[RECORD SET Boundary: Start]
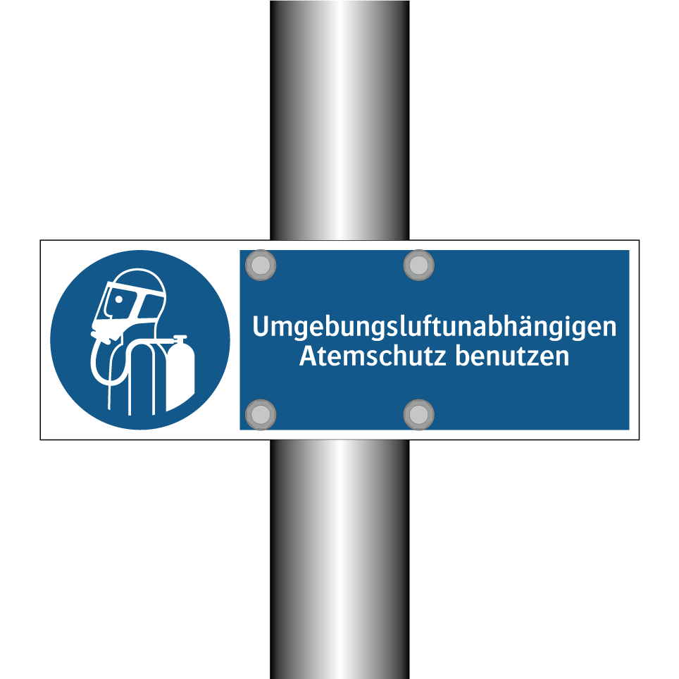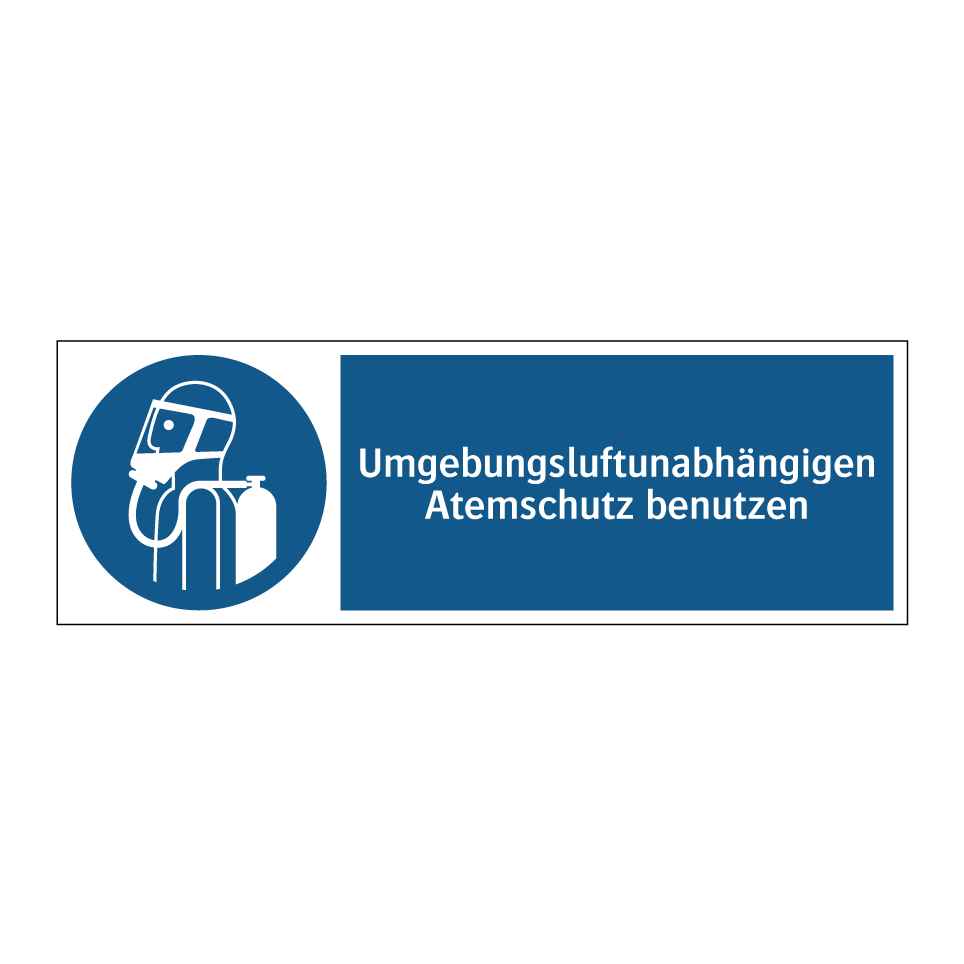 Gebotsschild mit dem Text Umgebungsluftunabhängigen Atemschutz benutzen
[RECORD SET Boundary: End]
[RECORD SET Boundary: Start]
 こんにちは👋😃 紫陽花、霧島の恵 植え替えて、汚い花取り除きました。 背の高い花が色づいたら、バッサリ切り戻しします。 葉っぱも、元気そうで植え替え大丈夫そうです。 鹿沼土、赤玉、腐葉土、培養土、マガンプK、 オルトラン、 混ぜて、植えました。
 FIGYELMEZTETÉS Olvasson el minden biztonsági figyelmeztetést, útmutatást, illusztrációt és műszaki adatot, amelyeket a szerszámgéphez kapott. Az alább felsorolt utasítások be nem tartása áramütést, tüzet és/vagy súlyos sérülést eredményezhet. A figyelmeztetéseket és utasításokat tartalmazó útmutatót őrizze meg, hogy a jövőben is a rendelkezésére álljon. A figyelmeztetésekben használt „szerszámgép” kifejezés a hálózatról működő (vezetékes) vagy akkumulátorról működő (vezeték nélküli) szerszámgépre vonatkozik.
[RECORD SET Boundary: End]
■ **TASK ITEM**
Your answer must be the lines above from the one containing "こんにちは👋😃 紫陽花、霧島の恵 植え替えて、汚い花取り除きました。" to the one containing "FIGYELMEZTETÉS Olvasson el", both included, restated word for word.

■ **TASK RESULT**
 こんにちは👋😃 紫陽花、霧島の恵 植え替えて、汚い花取り除きました。 背の高い花が色づいたら、バッサリ切り戻しします。 葉っぱも、元気そうで植え替え大丈夫そうです。 鹿沼土、赤玉、腐葉土、培養土、マガンプK、 オルトラン、 混ぜて、植えました。
 FIGYELMEZTETÉS Olvasson el minden biztonsági figyelmeztetést, útmutatást, illusztrációt és műszaki adatot, amelyeket a szerszámgéphez kapott. Az alább felsorolt utasítások be nem tartása áramütést, tüzet és/vagy súlyos sérülést eredményezhet. A figyelmeztetéseket és utasításokat tartalmazó útmutatót őrizze meg, hogy a jövőben is a rendelkezésére álljon. A figyelmeztetésekben használt „szerszámgép” kifejezés a hálózatról működő (vezetékes) vagy akkumulátorról működő (vezeték nélküli) szerszámgépre vonatkozik.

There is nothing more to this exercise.